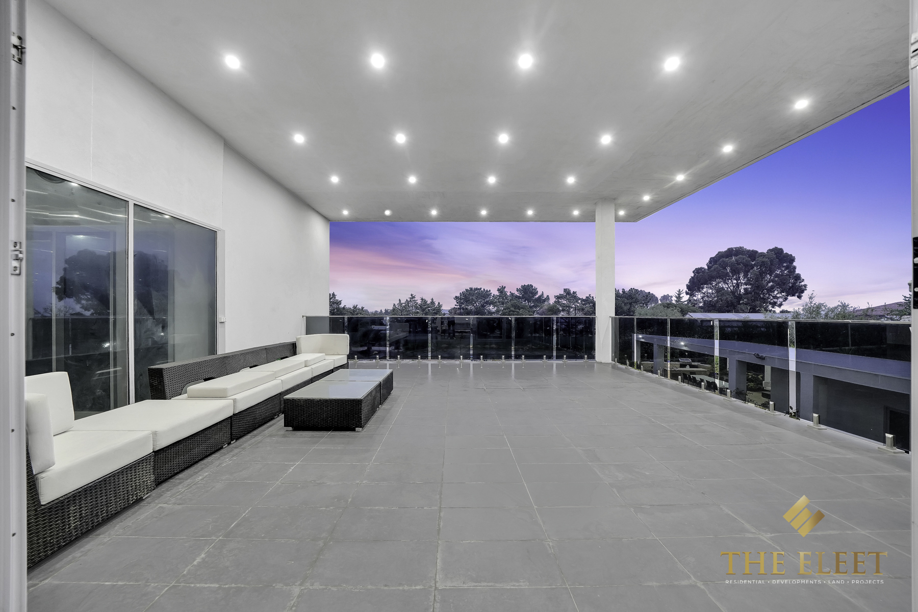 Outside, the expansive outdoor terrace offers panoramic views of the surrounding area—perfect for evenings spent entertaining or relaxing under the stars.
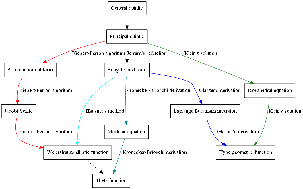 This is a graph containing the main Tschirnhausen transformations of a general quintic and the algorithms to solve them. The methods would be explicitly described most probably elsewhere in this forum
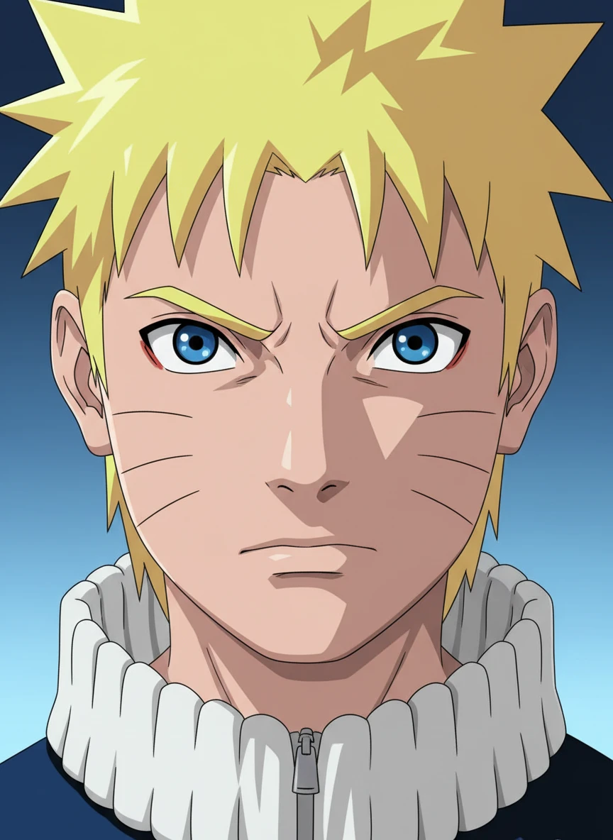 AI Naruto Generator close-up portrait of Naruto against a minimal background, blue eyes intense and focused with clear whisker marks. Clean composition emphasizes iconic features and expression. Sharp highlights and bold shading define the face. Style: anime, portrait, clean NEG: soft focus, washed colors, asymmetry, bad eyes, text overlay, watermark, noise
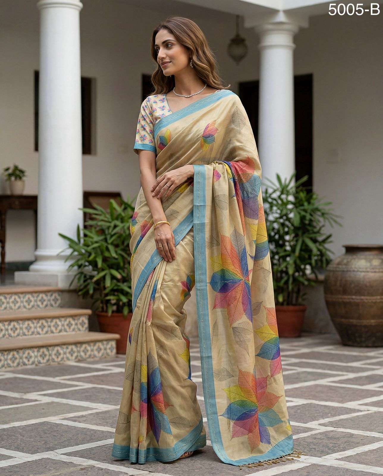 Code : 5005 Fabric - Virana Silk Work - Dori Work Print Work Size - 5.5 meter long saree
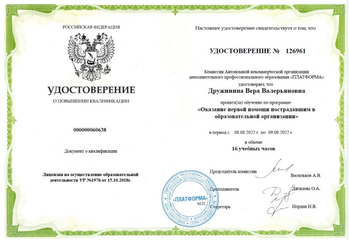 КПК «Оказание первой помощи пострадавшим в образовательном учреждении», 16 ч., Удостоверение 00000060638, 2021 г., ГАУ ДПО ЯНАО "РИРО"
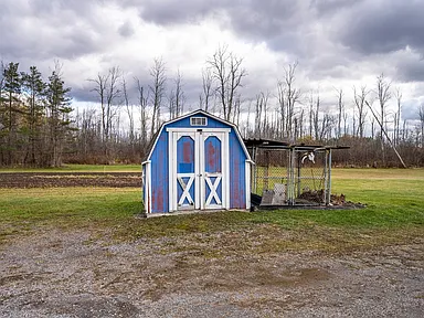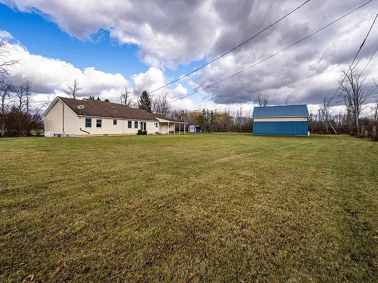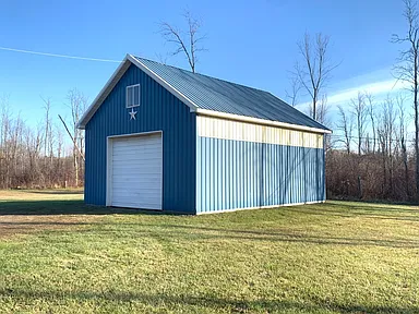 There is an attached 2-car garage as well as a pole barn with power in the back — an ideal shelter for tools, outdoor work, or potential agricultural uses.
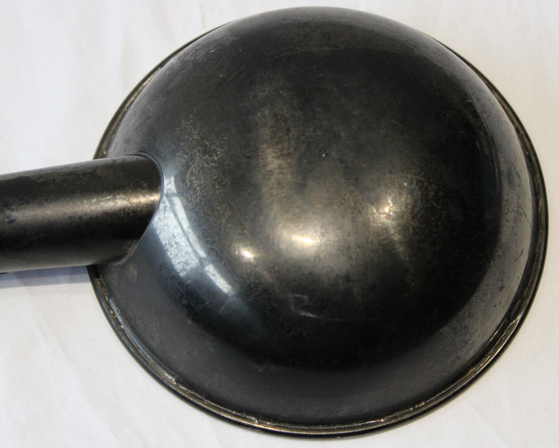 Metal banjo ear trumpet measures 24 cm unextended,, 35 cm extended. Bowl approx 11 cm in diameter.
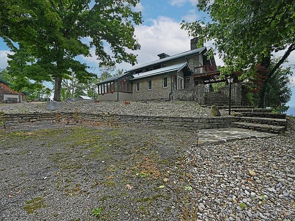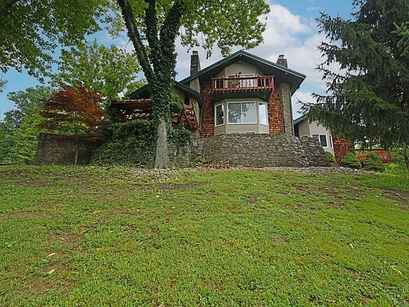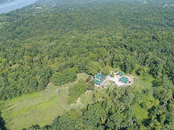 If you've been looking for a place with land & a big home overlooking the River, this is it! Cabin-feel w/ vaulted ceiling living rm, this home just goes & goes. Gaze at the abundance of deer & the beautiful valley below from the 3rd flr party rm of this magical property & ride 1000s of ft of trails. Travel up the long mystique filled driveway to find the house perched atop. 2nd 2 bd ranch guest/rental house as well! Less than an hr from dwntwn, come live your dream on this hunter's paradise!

□ □ □ □ □ □ □

Exercise aim
For this exercise, please set down exactly the lines of the listing above from the line with "Code : 5005" up to and including the line with "There is an", and no pictures.

Completed task
 Code : 5005 Fabric - Virana Silk Work - Dori Work Print Work Size - 5.5 meter long saree
 КПК «Оказание первой помощи пострадавшим в образовательном учреждении», 16 ч., Удостоверение 00000060638, 2021 г., ГАУ ДПО ЯНАО "РИРО"
 There is an attached 2-car garage as well as a pole barn with power in the back — an ideal shelter for tools, outdoor work, or potential agricultural uses.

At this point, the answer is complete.